For the general formula and a broader VRAM reference across model families, see GPU memory requirements for LLMs.

VRAM Formula for MoE Models

VRAM = (total_params x bytes_per_param) + KV_cache + activation_overhead

Worked examples for Nemotron 3 Super (120B total parameters):

BF16: 120B x 2 bytes = 240 GB minimum. Requires 8x H100 80GB for comfortable production headroom. 4x H100 (320 GB total) technically holds the weights but leaves only 80 GB across 4 cards for KV cache and activations — treat 4x H100 as an evaluation floor, not a production configuration. A single B200 (192 GB HBM3e) cannot hold the BF16 model (240 GB > 192 GB).
FP8: 120B x 1 byte = 120 GB minimum. Fits on 2x H100 80GB with reasonable headroom for KV cache.
NVFP4: 120B x 0.5 bytes = 60 GB minimum.
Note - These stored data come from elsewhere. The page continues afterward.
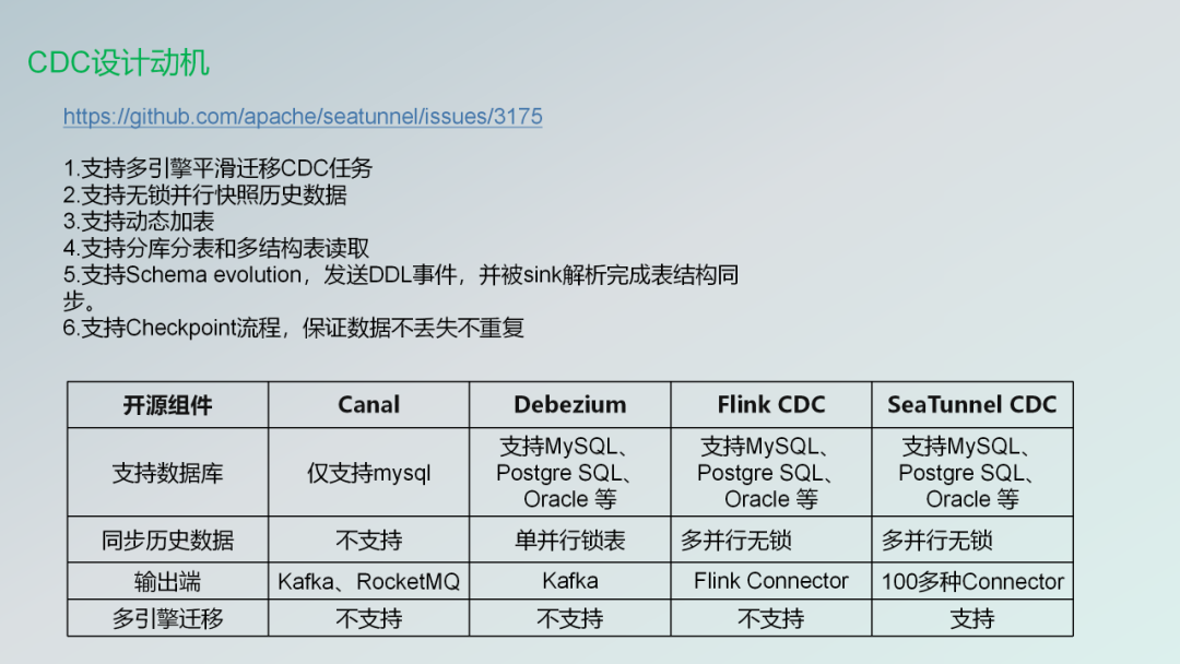 因为市面上像FlinCDC、Debezium、Canal等CDC组件也有一些比较好的,或者说已经有这些组件了,为什么还要设计SeaTunnel自己的CDC组件?- 支持Schema evolution,发送DDL事件,并被sink解析完成表结构同步。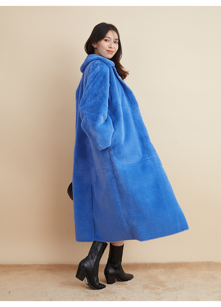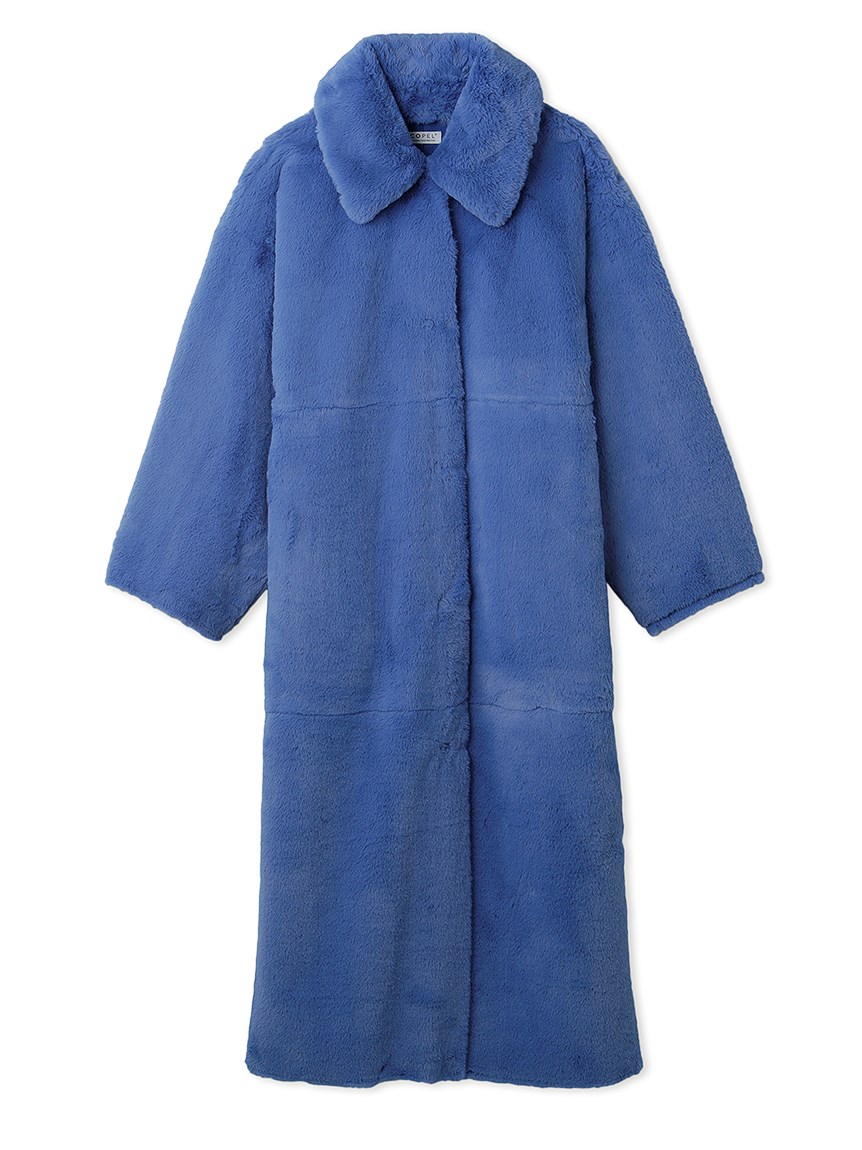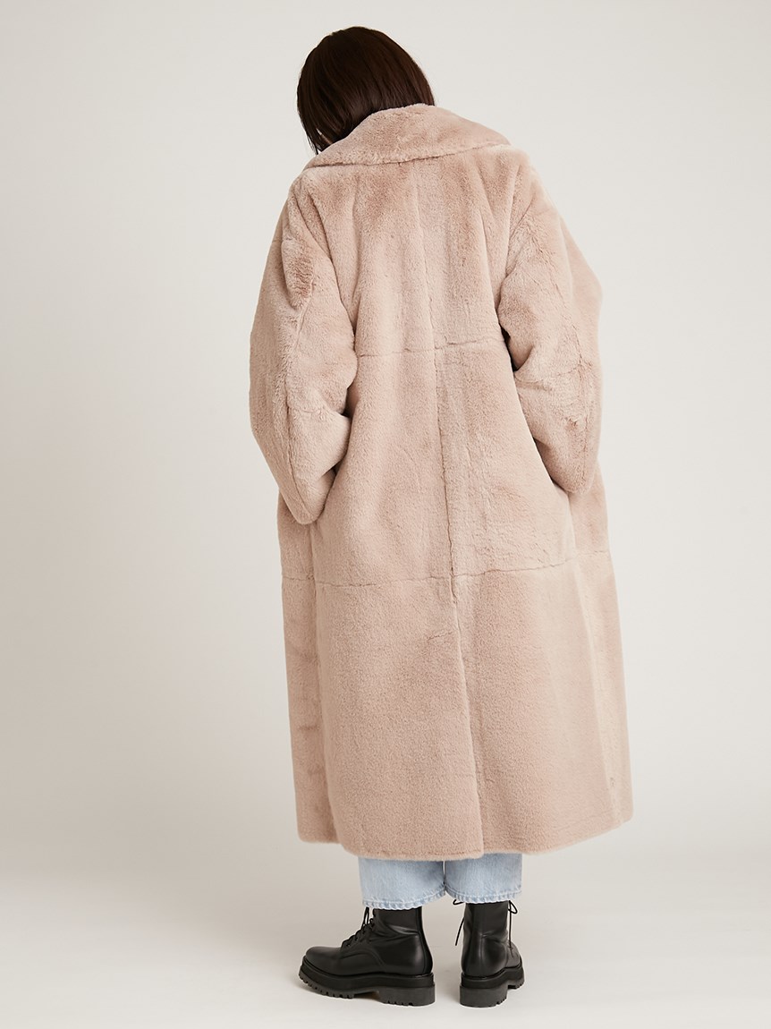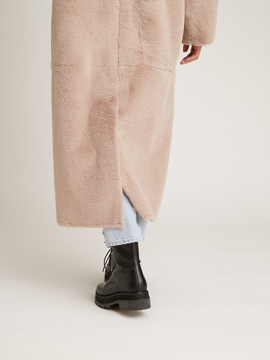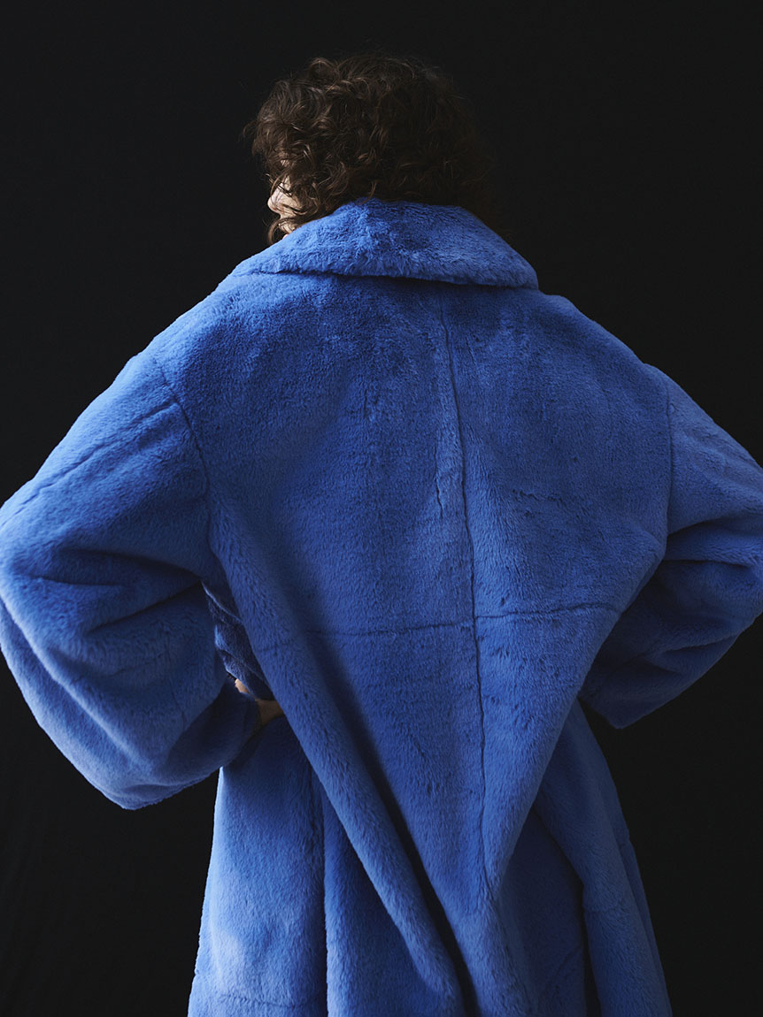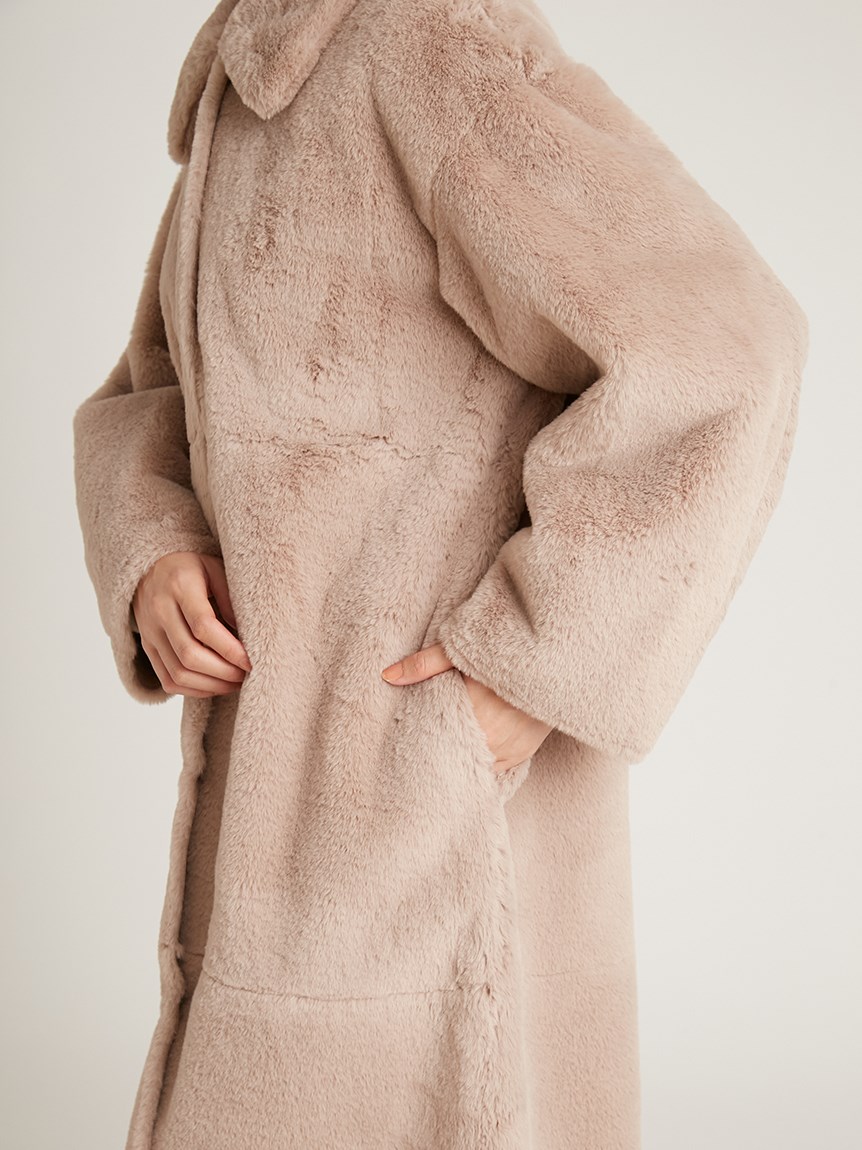 表地のファーはリサイクルポリエステル100%使用。裏地にフェイクスエードを張り合わせ、軽い着心地に仕立てました。優しい色合いで着まわしやすいアイボリー、ピンクベージュに、鮮やかな色合いで差し色にぴったりなブルーを加えた3色をご用意。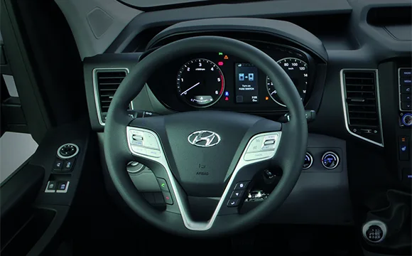 Nội thất của Hyundai Solati được thiết kế tối ưu, mang lại sự thoải mái cho cả người lái và hành khách. Ghế ngồi bọc da cao cấp, hệ thống điều hòa không khí tự động, và hệ thống giải trí đa phương tiện hiện đại giúp hành trình trở nên dễ chịu và thú vị hơn. Bảng điều khiển trung tâm hiển thị các thông tin và tình trạng của xe một cách rõ ràng, kết hợp vô lăng trợ lực điện, điều chỉnh theo vị trí lái, tích hợp phím chức năng giúp tăng sự thuận tiện và an toàn cho người lái.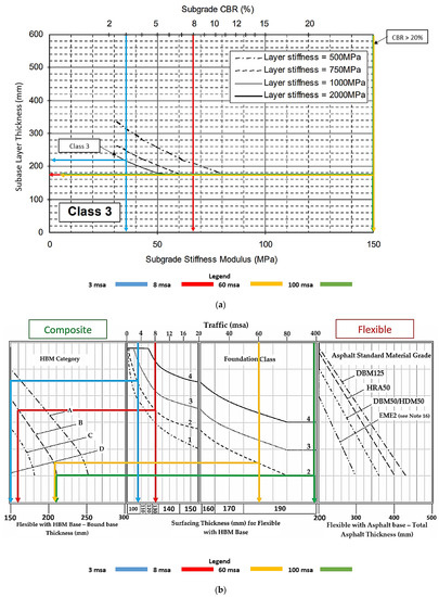 - Design Manual for Roads and Bridges (DMRB) CD 226. Design for New Pavement Construction. Available online: https://www.standardsforhighways.co.uk/ha/standards/ (accessed on 14 November 2021).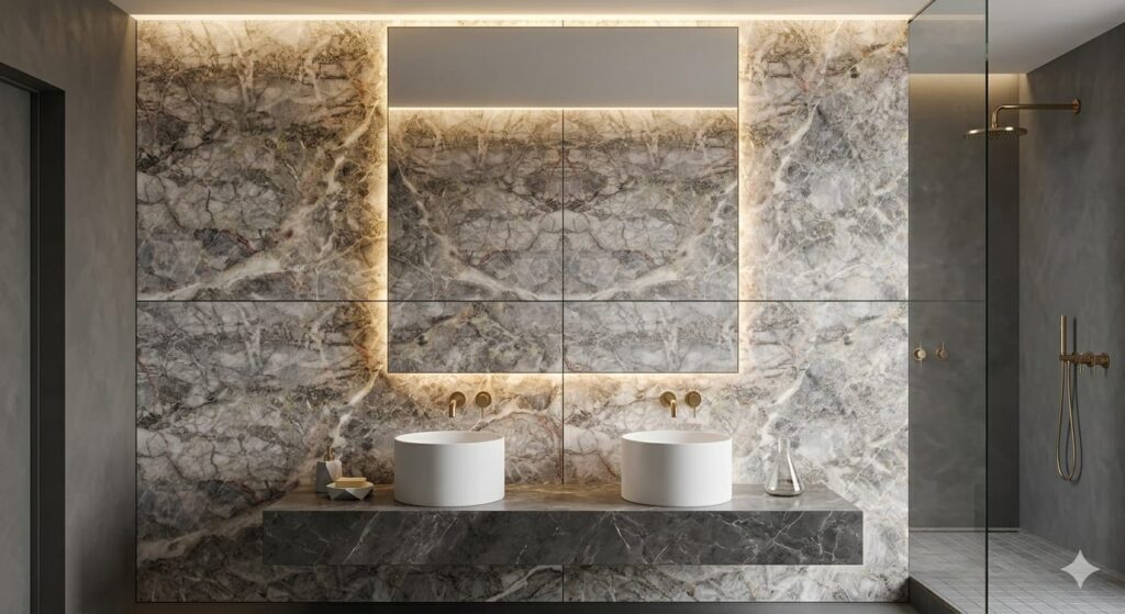 Alaska Grey marble features soft grey tones with subtle natural veining, creating a calm and elegant look. It is ideal for modern interiors, flooring, and sophisticated wall applications. Enhanced with SAP (Stone Augmentation Process) for improved durability and long-lasting finish. Available Thickness: 18mm, 20mm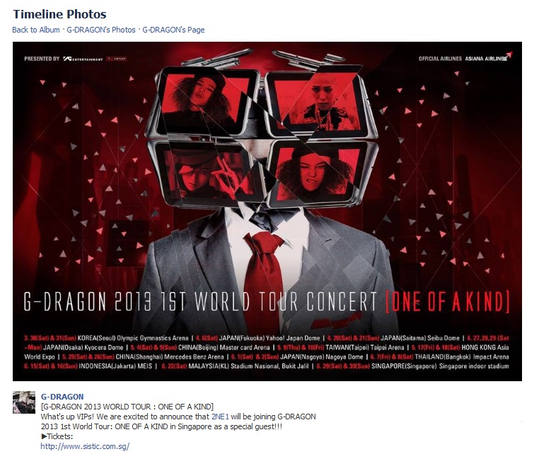 2NE1 are the guest performers for GD’s One Of A Kind concert in Singapore on the 29th and 30th! OMG! Wahhh, Singapore Blackjacks, so lucky! ^^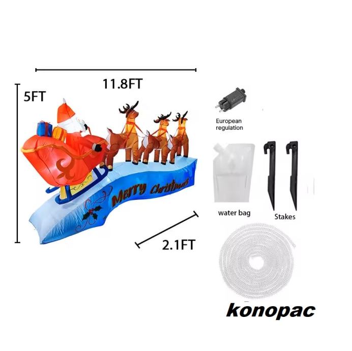 Božićni LED osvijetljeni kućni ukras za dvorište, ukras za zabavu, napuhani saonici Djeda Mraza, sobovi, božićni pribor, svečana poklon igračka

Fits on a single H100 80GB with ~20 GB remaining for KV cache and activations.
GGUF Q4_K_M: Approximately 65-70 GB, similar to NVFP4 but CPU-loadable via llama.cpp for environments without 80 GB GPU access.

GPU Tier Recommendations

Use Case	Precision	GPUs Needed	Spheron Option
Single dev/evaluation	NVFP4	1x H100 PCIe	$2.01/hr
Staging / small production	FP8	2x H100 PCIe	$4.03/hr
Evaluation only (short context)	BF16	4x H100 PCIe	$8.05/hr
Production (BF16 recommended)	BF16	8x H100 PCIe	$16.11/hr
Best price-perf (spot)	NVFP4	1x B200 SXM6	$1.67/hr spot

The B200 row is worth highlighting: a single B200 (192 GB HBM3e) fits the NVFP4 quantized 120B model (~60 GB) with over 130 GB headroom for KV cache. At spot pricing of $1.67/hr, it's the most cost-efficient path for quantized serving. Note that the full BF16 model requires 240 GB, which exceeds B200 VRAM — use 8x H100 for BF16 production workloads. See the B200 GPU rental page for availability.

Pricing fluctuates based on GPU availability. The prices above are based on 02 Apr 2026 and may have changed. Check current GPU pricing → for live rates.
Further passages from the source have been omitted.